Exception in thread Thread-363:
Traceback (most recent call last):
  File "/usr/lib64/python2.4/threading.py", line 442, in __bootstrap
    self.run()
  File "/usr/lib64/python2.4/threading.py", line 422, in run
    self.__target(*self.__args, **self.__kwargs)
  File "/usr/sbin/carod", line 418, in handle_reply_fetch
    send_AMQP_msg(broker_connection, saved_work.AMQP_msg, msg_props)
  File "/usr/sbin/carod", line 264, in send_AMQP_msg
    connection.message_transfer(destination=reply_to['exchange'], message=Message(msg_properties, delivery_props, data))
  File "/usr/lib/python2.4/site-packages/qpid/generator.py", line 25, in <lambda>
    method = lambda self, *args, **kwargs: self.invoke(inst, args, kwargs)
  File "/usr/lib/python2.4/site-packages/qpid/session.py", line 143, in invoke
    return self.do_invoke(type, args, kwargs)
  File "/usr/lib/python2.4/site-packages/qpid/session.py", line 152, in do_invoke
    raise SessionDetached()
SessionDetached

Comment 1 Matthew Farrellee 2009-03-06 19:00:33 UTC
Exception in thread Thread-2:
Traceback (most recent call last):
  File "/usr/lib64/python2.4/threading.py", line 442, in __bootstrap
    self.run()
  File "/usr/lib64/python2.4/threading.py", line 422, in run
    self.__target(*self.__args, **self.__kwargs)
  File "/usr/sbin/carod", line 239, in lease_monitor
    item.unlock(False)
  File "/usr/sbin/carod", line 56, in unlock
    self.__access_lock__.release()
  File "/usr/lib64/python2.4/threading.py", line 113, in release
    assert self.__owner is me, "release() of un-acquire()d lock"
AssertionError: release() of un-acquire()d lock

Comment 2 Robert Rati 2009-08-17 19:45:54 UTC
Fixed in:
condor-low-latency-1.0-18

Comment 3 Martin Kudlej 2009-09-24 11:35:07 UTC
Tested on RHEL5.4 condor-7.4.0-0.5 and RHEL4.8 condor-7.4.0-0.4 i386/x86_64 and with condor-low-latency-1.0-19 and it works --> VERIFIED

Comment 4 Irina Boverman 2009-10-28 17:05:26 UTC
Release note added. If any revisions are required, please set the 
"requires_release_notes" flag to "?" and edit the "Release Notes" field accordingly.
All revisions will be proofread by the Engineering Content Services team.

New Contents:
Carod is no longer crashing when broker is restarted (488998)
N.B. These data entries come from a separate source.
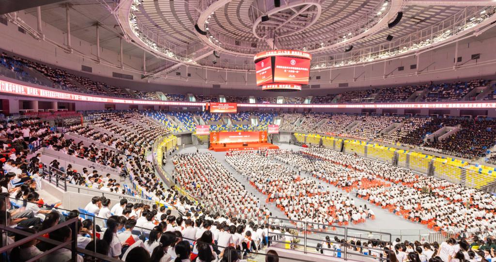 9月28日上午,顺德职业技术大学首届新生开学典礼暨“大学第一课”在德胜体育中心体育馆举行,佛山市委常委、顺德区委书记陈新文围绕深入学习贯彻习近平总书记关于教育的重要论述和全国教育大会精神,以“扎根沃土,匠心筑梦,在时代浪潮中谱写青春华章”为主题,为全体新生讲授“大学第一课”。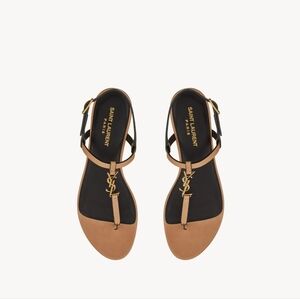 Elegant tan sandals with iconic gold YSL logo. Sleek and stylish design.just worn a couple times , will add updated pics in a bit . Timeless and completely versatile : box and dust bags tags etc . Retail for 925$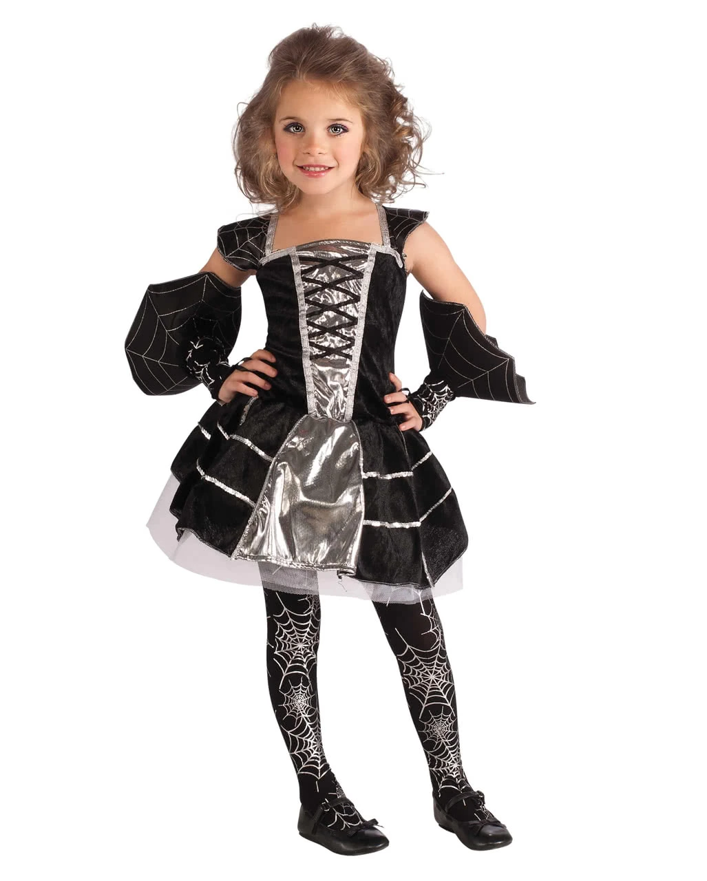 Das 3-teilige Spiderella Kinderkostüm besteht aus einem schwarz/silbernem Kleid, Strumpfhose und Armstulpen im Spinnennetz-Look und ist ein wunderschönes Mädchenkostüm. Das Kleidchen hat schmale Träger mit Schulterpolster im Spinnweben Design. An der Brust befindet sich eine schwarze Schnürung, unter dem Kleid ist Tüllstoff verarbeitet.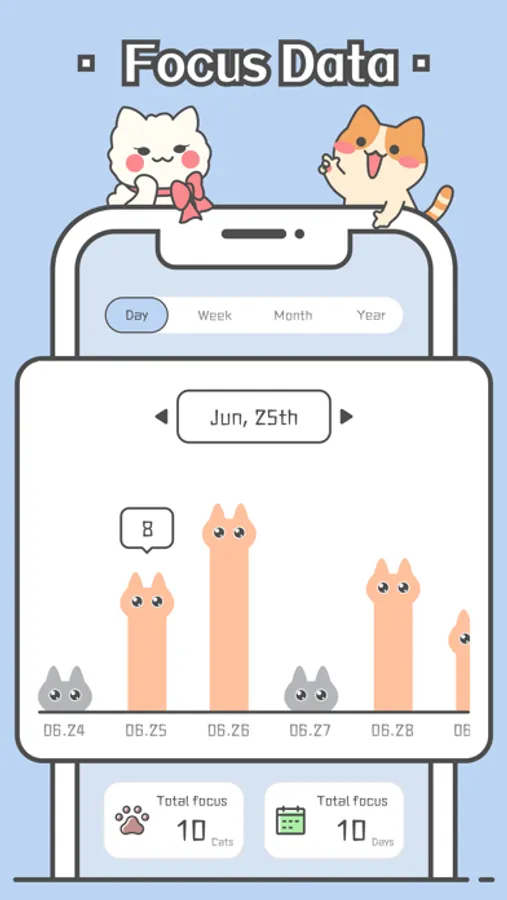 "Focus Cat" offers a range of powerful features that allow you to better manage your time, enhance your focus, and provides comprehensive data analysis so you can understand your study and work habits. It has a flexible focus timer, allowing you to freely choose the duration of your focus. Using the Pomodoro Technique, you focus for a period of time, take a few minutes break, and then claim corresponding rewards to feed your kitten. This cycle makes learning fun, while you and your kitten grow together!
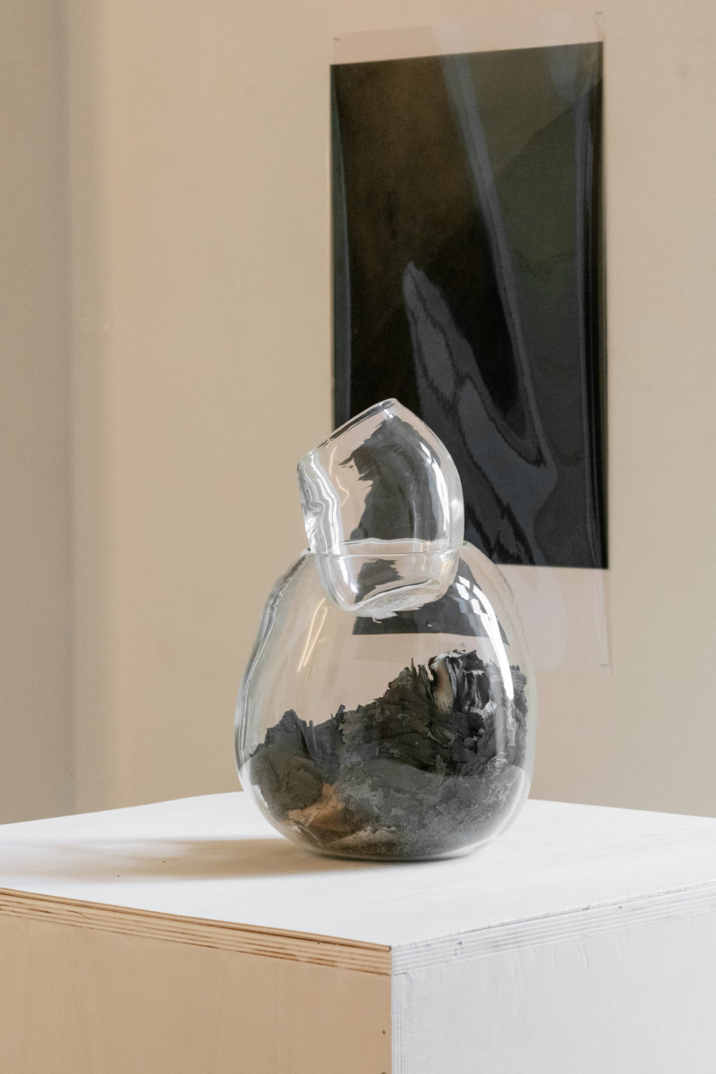 La mostra si presenta come un punto di incontro tra il lavoro di stampa, scultoreo e pittorico. Materiali poveri e vivi come la carta, vetro e giornali, concorrono alla realizzazione di opere che permettono di immergersi in un panorama costituito da lavori organizzati in un ecosistema autosufficiente che, suggerendo nuove forme, crea nuovi contenuti. Dove ogni elemento diviene parte di un tutto. I soggetti delle stampe su carta ed elementi come negativi e collage rimandano ai significati e al valore che originariamente avevano, ma sono ora arricchiti di una semantica addizionale, mentre, nel contempo, i volumi in vetro riflettono la complessità del gesto creativo. La materia viene modellata e poi tradotta nell’uso di diversi media, gli elementi si trasformano e, infine, i significanti agiscono sul contenuto. Nulla può essere isolato, tutto muta come durante l’eruzione del magma vulcanico.

Comment 5 Lana Brindley 2009-11-05 02:06:43 UTC
Release note updated. If any revisions are required, please set the 
"requires_release_notes"  flag to "?" and edit the "Release Notes" field accordingly.
All revisions will be proofread by the Engineering Content Services team.

Diffed Contents:
@@ -1 +1,8 @@
-Carod is no longer crashing when broker is restarted (488998)+Grid bug fix
+
+C: MRG Messaging Broker restarted
+C: Carod would experience and exception and crash
+F: 
+R: Carod no longer crashes.
+
+NEED FURTHER INFORMATION FOR RELNOTE.

Comment 6 Robert Rati 2009-11-24 13:48:41 UTC
C: MRG Messaging Broker restarted while low-latency is running on a grid execute node
C: The low-latency daemon (carod) would stop processing jobs and crash
F: Fixed the daemon to check for disconnections and to attempt to reconnect
R: The daemon no longer crashes and will resume processing jobs once the broker is running again

Comment 7 Lana Brindley 2009-11-26 20:29:21 UTC
Release note updated. If any revisions are required, please set the 
"requires_release_notes"  flag to "?" and edit the "Release Notes" field accordingly.
All revisions will be proofread by the Engineering Content Services team.

Diffed Contents:
@@ -1,8 +1,8 @@
 Grid bug fix
 
-C: MRG Messaging Broker restarted
-C: Carod would experience and exception and crash
-F: 
-R: Carod no longer crashes.
+C: MRG Messaging Broker restarted while low-latency is running on a grid execute node
+C: The low-latency daemon (carod) would stop processing jobs and crash
+F: Fixed the daemon to check for disconnections and to attempt to reconnect
+R: The daemon no longer crashes and will resume processing jobs once the broker is running again 
 
-NEED FURTHER INFORMATION FOR RELNOTE.+If the MRG Messaging Broker was restarted while low-latency was running on a grid execute node, the low-latency daemon (carod) would stop processing jobs and crash. The daemon now checks for disconnections and attempts to reconnect. This prevents the daemon from crashing and will resume processing jobs once the broker is running again.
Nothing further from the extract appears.